*What the task requires*
Could you restate every entry word for word, leaving the pictures out?

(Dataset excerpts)
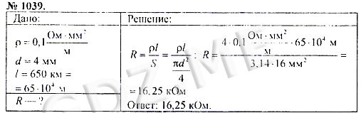 Подробный вариант решения из решебника (ГДЗ): Номер номер 1039 (НОМЕРА РЕШЕНИЙ) по предмету Физика, за 7 класс, авторы учебника А.В. Пёрышкин.
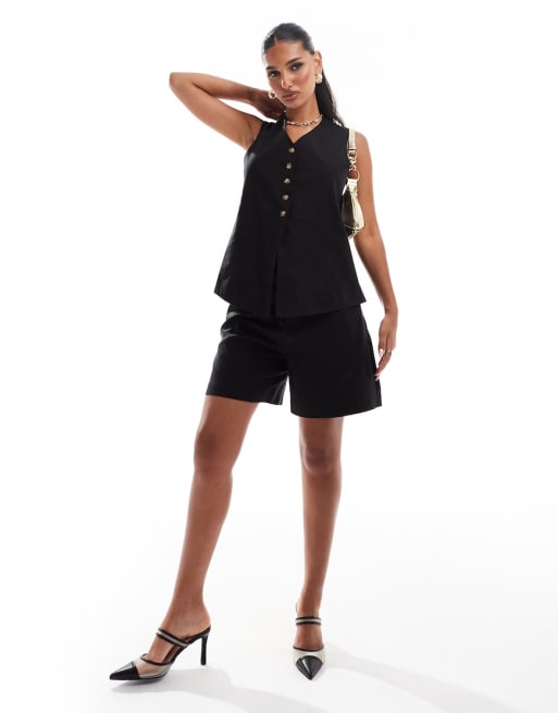 River Island - Sorte bermudashorts i hør - Del af sæt
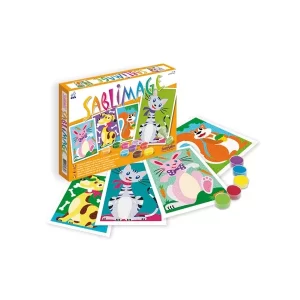 Készíts el 4 kis képet különféle színárnyalatú homokkal! A Sablimage kisgyermekeknek tervezett játék, amellyel egész egyszerűen szép, akár a szobájuk falára is kiakasztható képet alkothatnak, anélkül, hogy bepiszkítanák magukat. A Sablimage játékos és egyben művészi tevékenység, ideális a kreativitás, a...
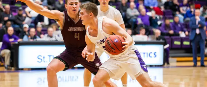 NORTHFIELD, Minn. - Four nights after collecting a top-five win over Saint John's on the road, third-ranked St. Thomas men's basketball went back to work and earned another tough road victory. The Tommies went in to Skoglund Center on Wednesday night and came away with a 76-69 win over St. Olaf to improve to 22-2 overall and 18-1 in the MIAC.
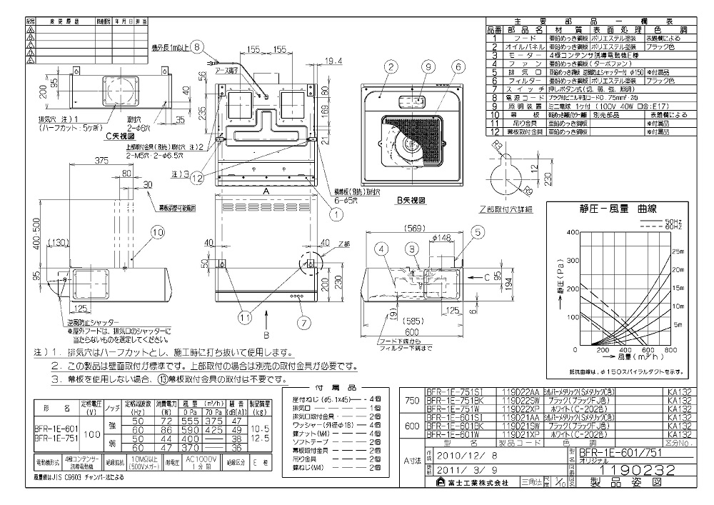 レンジフード 浅型 BFR1E751 BK/W/SI
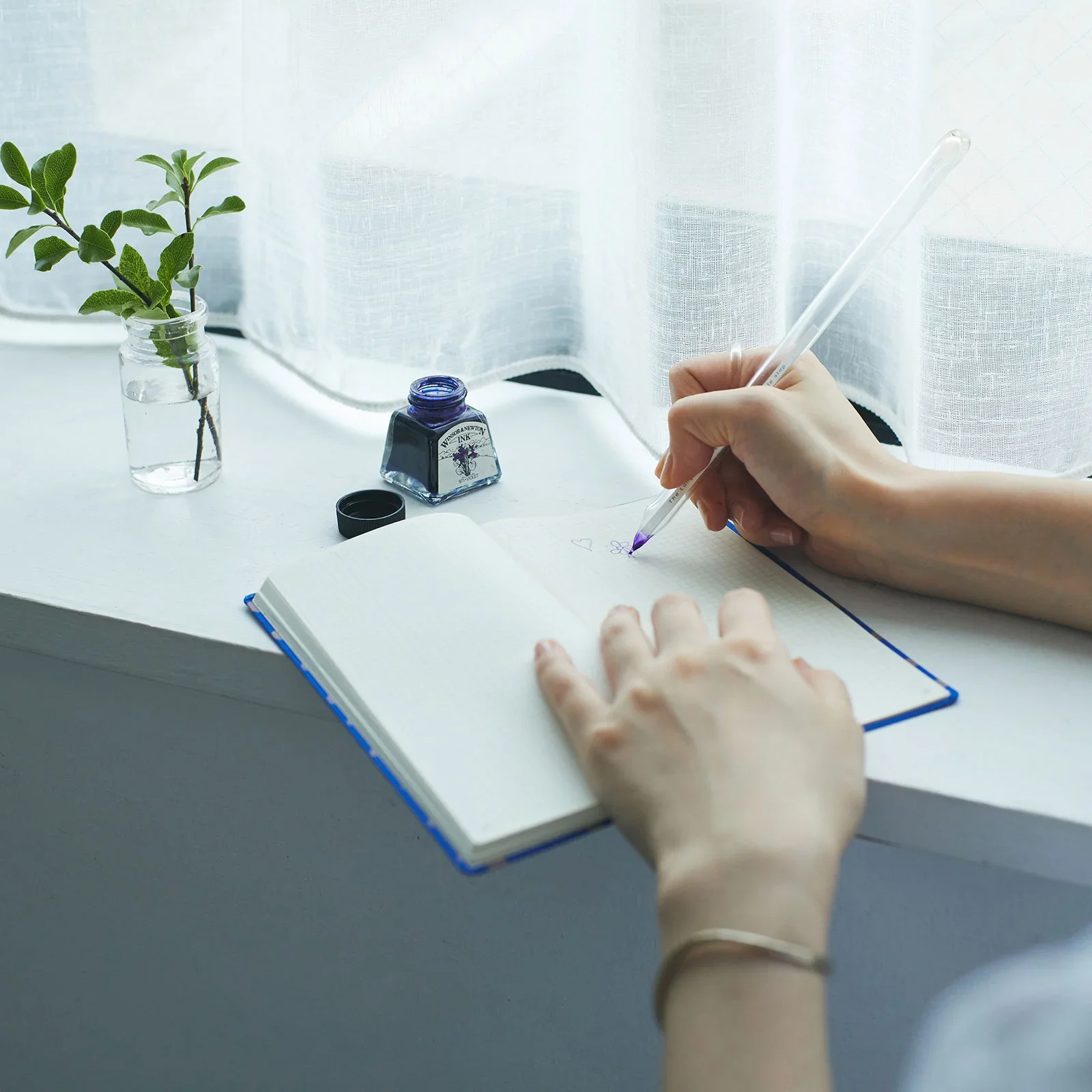 The Hobonichi Techo's Tomoe River paper is designed to prevent bleed-through, but some fountain pens and water-based ink pens are not compatible with this paper. When switching to a new pen, we recommend testing the pen somewhere in the book, such as the back memo pages, to see if the ink bleeds through or takes an especially long time to dry.

*Answer section*
 Подробный вариант решения из решебника (ГДЗ): Номер номер 1039 (НОМЕРА РЕШЕНИЙ) по предмету Физика, за 7 класс, авторы учебника А.В. Пёрышкин.
 River Island - Sorte bermudashorts i hør - Del af sæt
 Készíts el 4 kis képet különféle színárnyalatú homokkal! A Sablimage kisgyermekeknek tervezett játék, amellyel egész egyszerűen szép, akár a szobájuk falára is kiakasztható képet alkothatnak, anélkül, hogy bepiszkítanák magukat. A Sablimage játékos és egyben művészi tevékenység, ideális a kreativitás, a...
 NORTHFIELD, Minn. - Four nights after collecting a top-five win over Saint John's on the road, third-ranked St. Thomas men's basketball went back to work and earned another tough road victory. The Tommies went in to Skoglund Center on Wednesday night and came away with a 76-69 win over St. Olaf to improve to 22-2 overall and 18-1 in the MIAC.
 レンジフード 浅型 BFR1E751 BK/W/SI
 The Hobonichi Techo's Tomoe River paper is designed to prevent bleed-through, but some fountain pens and water-based ink pens are not compatible with this paper. When switching to a new pen, we recommend testing the pen somewhere in the book, such as the back memo pages, to see if the ink bleeds through or takes an especially long time to dry.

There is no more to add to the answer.